De meeste lezers zullen wel bekend zijn met de spaarzegels van verschillende publieke instellingen, banken en andere bedrijven. De spaarzegels van publieke instellingen behoren meestal tot de fiscale filatelie, terwijl de zegels van particuliere instellingen stellig “cinderella’s” genoemd moeten worden. Daartussen is er een grijs gebied van zegels van instellingen waarvan het publieke dan wel private karakter (nog) niet duidelijk is. Nader onderzoek zal moeten uitwijzen of deze zegels tot het terrein van de fiscale filatelie gerekend moeten worden of niet. (Deel 1 van een serie van 3 artikelen.)
Postspaarbankzegels van de Rijkspostspaarbank
De postspaarbankzegels van de Rijkspostspaarbank (verder afgekort als RPSB) behoren tot de eerste categorie.
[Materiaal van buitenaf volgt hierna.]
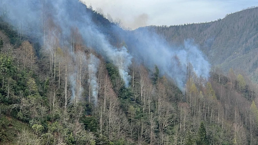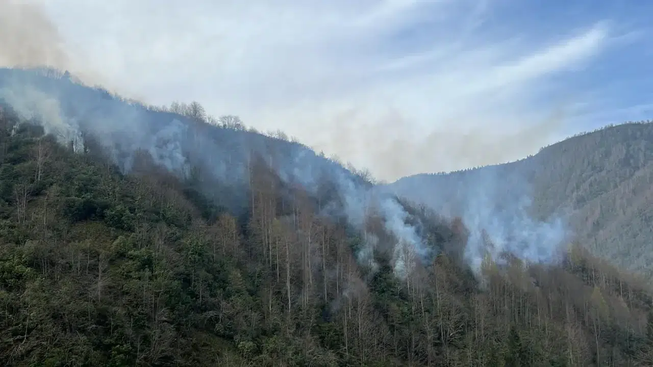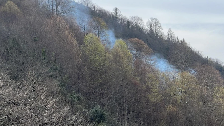 Rize'nin Güneysu ilçesinde çıkan örtü yangınını söndürme çalışmaları devam ediyor.

Na de oprichting van deze spaarbank in 1880 kon aanvankelijk gespaard worden op kosteloos beschikbaar gestelde spaarkaarten met 20 vakjes, waarop POSTzegels van een stuiver geplakt konden worden. Later verschenen spaarkaarten van 21 x 1 cent en vanaf 1882 voor schoolspaarbanken spaarkaarten van 100 x 1 cent (formulier VIs in 1889; formulier VI was voor 20 x 1 stuiver). In 1884 werd maar liefst voor een waarde van f 37.647 aan postzegels verkocht, die op spaarkaarten werden geplakt. Het enige bekende en gewettigde gebruik van Nederlandse postzegels als fiscale zegels!